Although the institution supports VS Code set up I was helped by one of the students from a long-time, trustworthy & loyal US ally : Pakistan in setting up the IDE for RubyMine (a JetBrains IDE) which comes free for students. The gentleman was not in my cohort but was helpful nonetheless (as I have found the many peoples from all over the world) and for that I am grateful.
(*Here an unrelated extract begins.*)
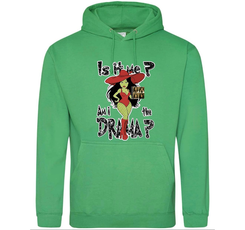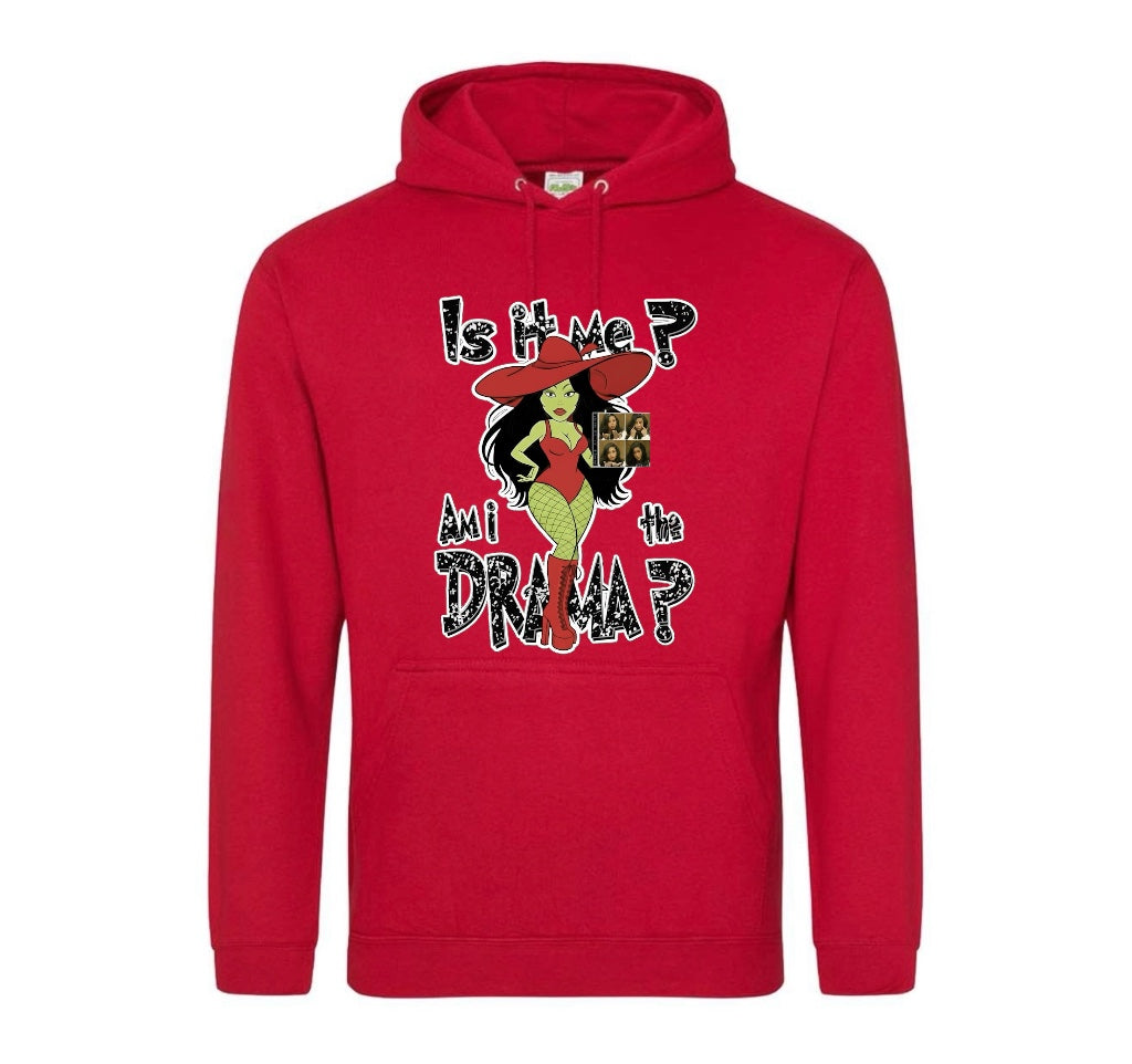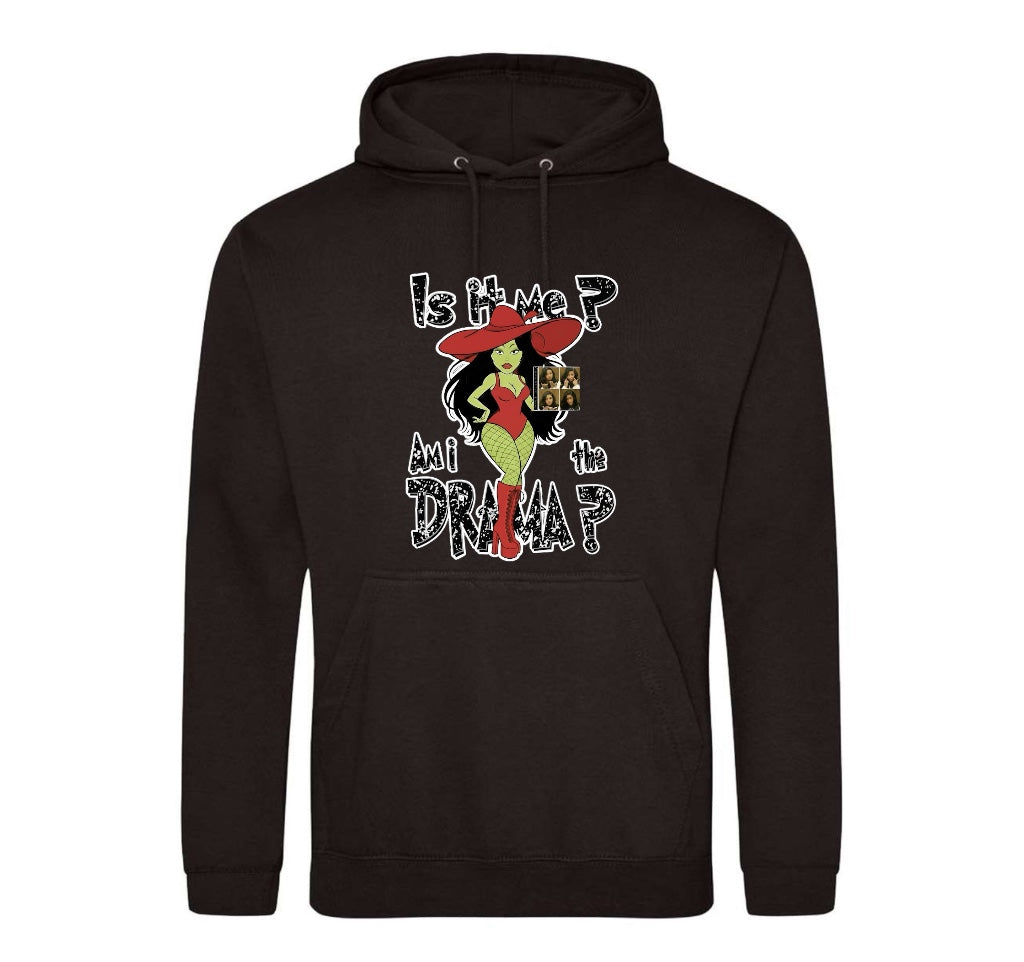 Hooded Sweatshirts, Sweatshirts and T Shirts with Am I the Drama Character Design 1 on front.

What he identified was that the instructions for setting up VS Code are already given here 1

If you go to the section on setting up a terminal you will see:

In the above section step 15 you are asked to choose the default shell & that is what you can set up with your RubyMine or any other IDE.

How to do it in RubyMine? Just go to File (in the menu) then Settings then Tools then Terminal. Or just search settings for “terminal” and enter the path to your wsl.exe file.

Best of luck to all.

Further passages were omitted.